Occupy Wall Street has been disparaged as 'aimless' and 'disorganized'. A somewhat radial Australian website (
Citizen's Electoral Council) has acquainted me this is not the case. This movement is demanding return to the provisions of the
Glass-Steagall Act passed in 1933. This regulated the banks to separate ordinary, commercial banking from investment banking and came about to restore order to the collapsed banking system here in the USA. Prior to this, bankers could do pretty much anything they wanted. This legislation was repealed in 1999 by the Republican dominated Senate and House of Representatives, signed into law by President (then just recently become a millionaire), and setting the stage for the 2007/2008 financial collapse here in the US which continues to affect global economy. Basically, the repeal turned the clock back to the pre-Great Depression era of unbridled financial license.
I doubt that the 99% are overly concerned about a Mormon possibly being in the White House. After all, we survived the election of a Roman Catholic and more recently the election a non-Caucasian. If the sky is falling, race and religion have little, if anything at all, to do with our current woes. Mormons, so far as I have been able to see, are honest, conscientious, moral, hardworking and trustworthy folk, at least as much as any other group given to faith. This could be seen by some as a breath of fresh air at the pinnacle of politics! This quip aside, I prefer to wait and see how things turn out.
What is the 'so what' of all this? Like folk the world around, Americans want to feel that the government is for the
common weal.

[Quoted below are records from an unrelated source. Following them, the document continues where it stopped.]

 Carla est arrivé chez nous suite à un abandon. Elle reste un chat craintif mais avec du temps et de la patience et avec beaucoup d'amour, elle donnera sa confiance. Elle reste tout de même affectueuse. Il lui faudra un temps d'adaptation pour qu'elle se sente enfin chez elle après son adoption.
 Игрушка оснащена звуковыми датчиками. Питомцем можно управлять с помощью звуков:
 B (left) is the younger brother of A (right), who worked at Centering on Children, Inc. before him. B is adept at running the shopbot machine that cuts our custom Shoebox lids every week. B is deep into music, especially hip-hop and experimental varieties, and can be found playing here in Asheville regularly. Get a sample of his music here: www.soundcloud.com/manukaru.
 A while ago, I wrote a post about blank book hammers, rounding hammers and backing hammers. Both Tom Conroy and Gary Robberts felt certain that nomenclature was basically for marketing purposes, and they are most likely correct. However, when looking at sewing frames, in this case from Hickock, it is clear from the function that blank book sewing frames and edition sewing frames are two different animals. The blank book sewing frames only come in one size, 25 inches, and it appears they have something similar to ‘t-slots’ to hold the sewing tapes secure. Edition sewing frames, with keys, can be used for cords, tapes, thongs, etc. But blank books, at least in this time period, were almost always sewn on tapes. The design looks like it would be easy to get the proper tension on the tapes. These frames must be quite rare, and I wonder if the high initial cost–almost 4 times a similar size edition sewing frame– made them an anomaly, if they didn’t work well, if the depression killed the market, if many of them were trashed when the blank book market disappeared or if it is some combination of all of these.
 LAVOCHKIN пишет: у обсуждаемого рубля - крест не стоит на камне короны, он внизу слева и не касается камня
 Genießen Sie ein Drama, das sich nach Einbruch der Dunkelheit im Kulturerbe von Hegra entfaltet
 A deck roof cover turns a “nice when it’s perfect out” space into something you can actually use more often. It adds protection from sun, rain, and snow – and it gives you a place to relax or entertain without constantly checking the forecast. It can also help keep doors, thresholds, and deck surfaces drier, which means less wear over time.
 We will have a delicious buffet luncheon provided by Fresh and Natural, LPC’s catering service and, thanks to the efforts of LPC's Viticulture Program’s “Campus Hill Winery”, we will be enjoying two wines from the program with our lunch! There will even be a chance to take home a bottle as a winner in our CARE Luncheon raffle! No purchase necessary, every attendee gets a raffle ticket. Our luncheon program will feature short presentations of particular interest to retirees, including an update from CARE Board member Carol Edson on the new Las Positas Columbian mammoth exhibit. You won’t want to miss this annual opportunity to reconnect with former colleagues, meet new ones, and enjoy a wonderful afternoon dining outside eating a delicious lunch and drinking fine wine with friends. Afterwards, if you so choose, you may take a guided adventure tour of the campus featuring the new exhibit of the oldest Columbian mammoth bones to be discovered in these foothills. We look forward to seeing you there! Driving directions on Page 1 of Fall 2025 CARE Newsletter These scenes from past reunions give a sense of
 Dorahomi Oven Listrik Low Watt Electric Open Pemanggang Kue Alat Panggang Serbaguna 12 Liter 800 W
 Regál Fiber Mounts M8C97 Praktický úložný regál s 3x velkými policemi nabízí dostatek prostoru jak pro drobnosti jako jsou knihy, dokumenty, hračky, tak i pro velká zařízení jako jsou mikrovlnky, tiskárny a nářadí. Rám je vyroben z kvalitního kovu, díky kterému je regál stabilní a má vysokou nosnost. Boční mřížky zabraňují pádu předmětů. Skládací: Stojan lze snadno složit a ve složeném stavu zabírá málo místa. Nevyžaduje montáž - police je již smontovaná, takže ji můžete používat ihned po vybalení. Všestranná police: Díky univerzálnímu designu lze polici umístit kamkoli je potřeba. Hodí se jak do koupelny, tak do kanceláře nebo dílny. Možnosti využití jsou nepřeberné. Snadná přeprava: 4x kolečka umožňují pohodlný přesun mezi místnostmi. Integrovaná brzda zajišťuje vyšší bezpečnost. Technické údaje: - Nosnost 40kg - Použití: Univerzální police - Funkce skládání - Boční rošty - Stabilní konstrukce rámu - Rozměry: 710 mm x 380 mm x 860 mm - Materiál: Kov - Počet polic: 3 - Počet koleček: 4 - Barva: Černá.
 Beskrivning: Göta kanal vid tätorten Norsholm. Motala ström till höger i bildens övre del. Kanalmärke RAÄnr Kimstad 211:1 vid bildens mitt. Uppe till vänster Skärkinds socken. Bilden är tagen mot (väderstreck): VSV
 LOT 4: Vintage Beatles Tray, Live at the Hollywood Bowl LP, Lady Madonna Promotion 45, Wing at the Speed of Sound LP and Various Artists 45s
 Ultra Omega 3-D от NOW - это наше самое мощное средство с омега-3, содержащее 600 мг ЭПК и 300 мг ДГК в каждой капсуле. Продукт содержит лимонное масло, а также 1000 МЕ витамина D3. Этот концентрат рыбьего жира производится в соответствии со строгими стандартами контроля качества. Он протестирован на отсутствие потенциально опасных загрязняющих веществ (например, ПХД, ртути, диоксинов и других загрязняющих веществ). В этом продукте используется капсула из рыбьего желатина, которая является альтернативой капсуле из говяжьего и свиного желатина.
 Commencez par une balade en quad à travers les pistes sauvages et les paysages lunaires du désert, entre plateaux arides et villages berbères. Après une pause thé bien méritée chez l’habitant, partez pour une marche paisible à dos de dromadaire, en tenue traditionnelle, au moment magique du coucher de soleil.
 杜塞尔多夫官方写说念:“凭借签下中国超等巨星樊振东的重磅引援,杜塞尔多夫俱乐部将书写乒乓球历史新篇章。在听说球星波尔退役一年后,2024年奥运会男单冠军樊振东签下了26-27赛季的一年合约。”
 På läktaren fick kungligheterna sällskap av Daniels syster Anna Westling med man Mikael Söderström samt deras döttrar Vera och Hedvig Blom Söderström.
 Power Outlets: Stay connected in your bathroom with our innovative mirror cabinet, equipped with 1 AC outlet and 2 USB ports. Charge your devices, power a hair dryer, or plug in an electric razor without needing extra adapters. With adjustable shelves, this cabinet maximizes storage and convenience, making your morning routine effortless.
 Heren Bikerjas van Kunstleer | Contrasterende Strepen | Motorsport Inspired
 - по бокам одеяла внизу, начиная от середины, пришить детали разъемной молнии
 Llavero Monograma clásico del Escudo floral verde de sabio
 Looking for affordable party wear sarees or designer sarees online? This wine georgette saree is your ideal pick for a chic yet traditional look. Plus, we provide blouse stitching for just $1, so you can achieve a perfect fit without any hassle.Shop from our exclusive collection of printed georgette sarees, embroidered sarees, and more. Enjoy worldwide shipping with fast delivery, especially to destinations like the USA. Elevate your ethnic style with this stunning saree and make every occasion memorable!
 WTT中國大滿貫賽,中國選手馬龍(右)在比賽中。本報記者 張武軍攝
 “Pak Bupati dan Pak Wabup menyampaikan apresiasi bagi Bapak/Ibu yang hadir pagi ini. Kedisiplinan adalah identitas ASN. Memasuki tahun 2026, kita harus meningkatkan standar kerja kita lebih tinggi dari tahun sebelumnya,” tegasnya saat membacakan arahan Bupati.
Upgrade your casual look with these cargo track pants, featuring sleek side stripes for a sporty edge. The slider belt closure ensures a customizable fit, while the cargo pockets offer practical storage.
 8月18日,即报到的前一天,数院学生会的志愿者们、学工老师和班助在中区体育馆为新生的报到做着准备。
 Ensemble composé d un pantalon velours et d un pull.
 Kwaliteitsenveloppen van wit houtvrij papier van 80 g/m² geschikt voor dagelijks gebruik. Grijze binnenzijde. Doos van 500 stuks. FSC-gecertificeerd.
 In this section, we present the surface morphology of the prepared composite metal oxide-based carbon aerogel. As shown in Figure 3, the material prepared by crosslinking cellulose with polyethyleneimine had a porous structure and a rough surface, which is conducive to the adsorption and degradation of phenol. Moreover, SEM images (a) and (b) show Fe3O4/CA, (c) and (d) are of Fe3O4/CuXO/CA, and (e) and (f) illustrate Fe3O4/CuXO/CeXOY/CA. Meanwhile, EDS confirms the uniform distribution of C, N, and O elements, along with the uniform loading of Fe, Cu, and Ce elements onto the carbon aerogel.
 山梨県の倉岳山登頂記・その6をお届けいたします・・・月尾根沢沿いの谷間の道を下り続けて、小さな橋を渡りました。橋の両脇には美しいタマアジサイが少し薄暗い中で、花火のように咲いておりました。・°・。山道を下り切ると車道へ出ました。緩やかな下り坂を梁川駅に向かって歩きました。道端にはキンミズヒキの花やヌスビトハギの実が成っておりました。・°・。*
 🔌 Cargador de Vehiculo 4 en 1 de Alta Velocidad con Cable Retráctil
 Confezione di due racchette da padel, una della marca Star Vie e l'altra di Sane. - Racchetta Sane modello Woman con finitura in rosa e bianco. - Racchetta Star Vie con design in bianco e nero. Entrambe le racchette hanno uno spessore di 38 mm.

There are many who, as do I, don't want politicians who seem to pander to 'Wall Street', who are overly influenced by lobbyists (whether representing the drug companies, the health industry, the energy industry, the military related industries, the rifle associations and gun lobbies, the wealthy corporations, the labor unions, or religious groups). As the common Aussie phrase has it, just give us all a '
fair go'.
I suppose and hope that those increasing number chanting in the streets, 'We are the 99%', might finally get the politicians to listen to what once was the 'silent majority'.